» **WHAT YOU NEED TO DO**:
Please copy out the entries exactly, skipping any pictures.

» **TASK DATA**:

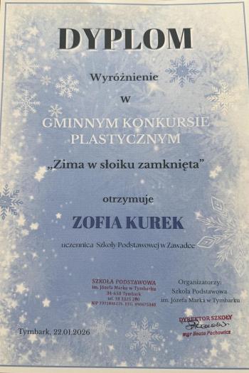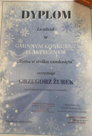 Galerie zdjęć Gminnym konkurs plastyczny „Zima w słoiku zamknięta” 28.01.2026 Bal karnawałowy 27.01.2026 Karnawałowa dyskoteka klas IV–VIII 27.01.2026 Muzyczny sukces naszego ucznia! 26.01.2026 Zimowe przygody na lodzie klas IV–VIII 26.01.2026 Dzień Babci i Dziadka 26.01.2026 Przerwa z grą 24.01.2026 Zimowe zabawy na świeżym powietrzu w świetlicy szkolnej 19.01.2026 Powiatowy Konkurs "Ekologiczny Stroik Bożonarodzeniowy" 15.01.2026 Spotkanie z zawodowym piłkarzem – Krzysztofem Toporkiewiczem 25.12.2025 JASEŁKA I WIGILIE KLASOWE 19.12.2025 Konkurs recytatorski „Spotkanie z poezją” 19.12.2025 V Międzyszkolny Konkurs Kolęd i Pastorałek „Gore gwiazda Jezusowi” 18.12.2025 W świecie Baśni Andersena 16.12.2025 Wycieczka do Smoczej Osady 9.12.2025 Mikołaj w oddziale przedszkolnym. 9.12.2025 „Edukacja z wojskiem” w szkołach już po raz czwarty! 9.12.2025 Spotkanie ze Świętym Mikołajem w Bibliotece Publicznej 5.12.2025 Realizacja I i II modułu projektu edukacyjnego„Natalka i Antek w Świecie Wielkiej Matematyki” – edycja 2025/2026 2.12.2025 "10 powodów, dla których warto czytać książki” 28.11.2025
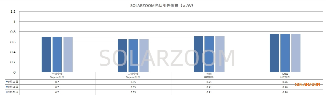 本周组件价格区间仍未有变动,分布式项目方面国内头部企业组件价格继续维持在0.68-0.7元/W,但在交付上价格尚有0.01-0.0.2元/W的让步空间;集中式项目方面,市场新招投标项目的观望等待情绪不减,市场上虽有部分集中式项目因上游价格上涨,成本上升而在继续观望延迟,但部分集中项目预计将在四季度启动,交付价格上在与买卖双方胶着博弈。供需方面,恰逢十一长假,受上游成本压力的影响,国内部分组件企业计划十一将放假减产。
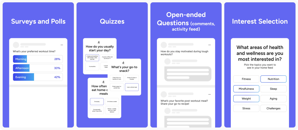 Common methods include surveys, polls, quizzes, onboarding forms, and open-ended questions in comments or activity feeds. Choose methods that feel natural and align with the value offered to users.
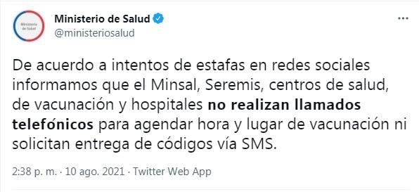 “De acuerdo a intentos de estafas en redes sociales informamos que el Minsal, Seremis, centros de salud, de vacunación y hospitales no realizan llamados telefónicos para agendar hora y lugar de vacunación ni solicitan entrega de códigos vía SMS”, expresaron a través de un mensaje en la cuenta de Twitter oficial del Ministerio de Salud.
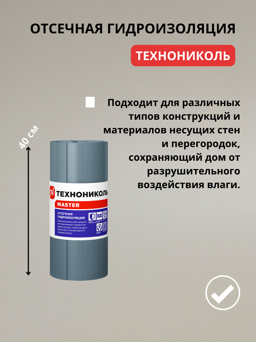 Отзывы на Гидроизоляция Технониколь 400, длина 20м, ширина 0,4м, толщина 1мм, 3 слоя
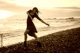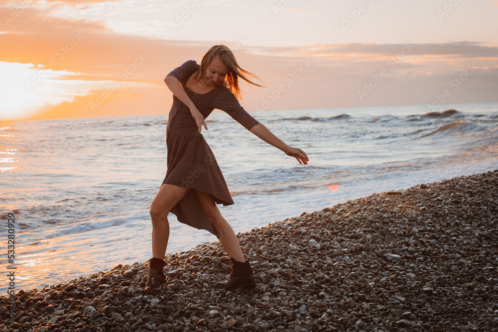 woman dances on the seashore at sunset. Psychology of soul and body dance grace
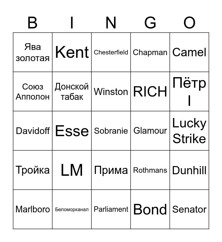 This bingo card has a free space and 24 words: Marlboro, LM, Winston, Bond, Camel, Ява золотая, Kent, Chesterfield, Glamour, Lucky Strike, Davidoff, Донской табак, Rothmans, Dunhill, Союз Апполон, Беломорканал, Parliament, Chapman, Пётр I, Тройка, Esse, Прима, RICH and Senator.

» **REPLY**:
 Galerie zdjęć Gminnym konkurs plastyczny „Zima w słoiku zamknięta” 28.01.2026 Bal karnawałowy 27.01.2026 Karnawałowa dyskoteka klas IV–VIII 27.01.2026 Muzyczny sukces naszego ucznia! 26.01.2026 Zimowe przygody na lodzie klas IV–VIII 26.01.2026 Dzień Babci i Dziadka 26.01.2026 Przerwa z grą 24.01.2026 Zimowe zabawy na świeżym powietrzu w świetlicy szkolnej 19.01.2026 Powiatowy Konkurs "Ekologiczny Stroik Bożonarodzeniowy" 15.01.2026 Spotkanie z zawodowym piłkarzem – Krzysztofem Toporkiewiczem 25.12.2025 JASEŁKA I WIGILIE KLASOWE 19.12.2025 Konkurs recytatorski „Spotkanie z poezją” 19.12.2025 V Międzyszkolny Konkurs Kolęd i Pastorałek „Gore gwiazda Jezusowi” 18.12.2025 W świecie Baśni Andersena 16.12.2025 Wycieczka do Smoczej Osady 9.12.2025 Mikołaj w oddziale przedszkolnym. 9.12.2025 „Edukacja z wojskiem” w szkołach już po raz czwarty! 9.12.2025 Spotkanie ze Świętym Mikołajem w Bibliotece Publicznej 5.12.2025 Realizacja I i II modułu projektu edukacyjnego„Natalka i Antek w Świecie Wielkiej Matematyki” – edycja 2025/2026 2.12.2025 "10 powodów, dla których warto czytać książki” 28.11.2025
 本周组件价格区间仍未有变动,分布式项目方面国内头部企业组件价格继续维持在0.68-0.7元/W,但在交付上价格尚有0.01-0.0.2元/W的让步空间;集中式项目方面,市场新招投标项目的观望等待情绪不减,市场上虽有部分集中式项目因上游价格上涨,成本上升而在继续观望延迟,但部分集中项目预计将在四季度启动,交付价格上在与买卖双方胶着博弈。供需方面,恰逢十一长假,受上游成本压力的影响,国内部分组件企业计划十一将放假减产。
 Common methods include surveys, polls, quizzes, onboarding forms, and open-ended questions in comments or activity feeds. Choose methods that feel natural and align with the value offered to users.
 “De acuerdo a intentos de estafas en redes sociales informamos que el Minsal, Seremis, centros de salud, de vacunación y hospitales no realizan llamados telefónicos para agendar hora y lugar de vacunación ni solicitan entrega de códigos vía SMS”, expresaron a través de un mensaje en la cuenta de Twitter oficial del Ministerio de Salud.
 Отзывы на Гидроизоляция Технониколь 400, длина 20м, ширина 0,4м, толщина 1мм, 3 слоя
 woman dances on the seashore at sunset. Psychology of soul and body dance grace
 This bingo card has a free space and 24 words: Marlboro, LM, Winston, Bond, Camel, Ява золотая, Kent, Chesterfield, Glamour, Lucky Strike, Davidoff, Донской табак, Rothmans, Dunhill, Союз Апполон, Беломорканал, Parliament, Chapman, Пётр I, Тройка, Esse, Прима, RICH and Senator.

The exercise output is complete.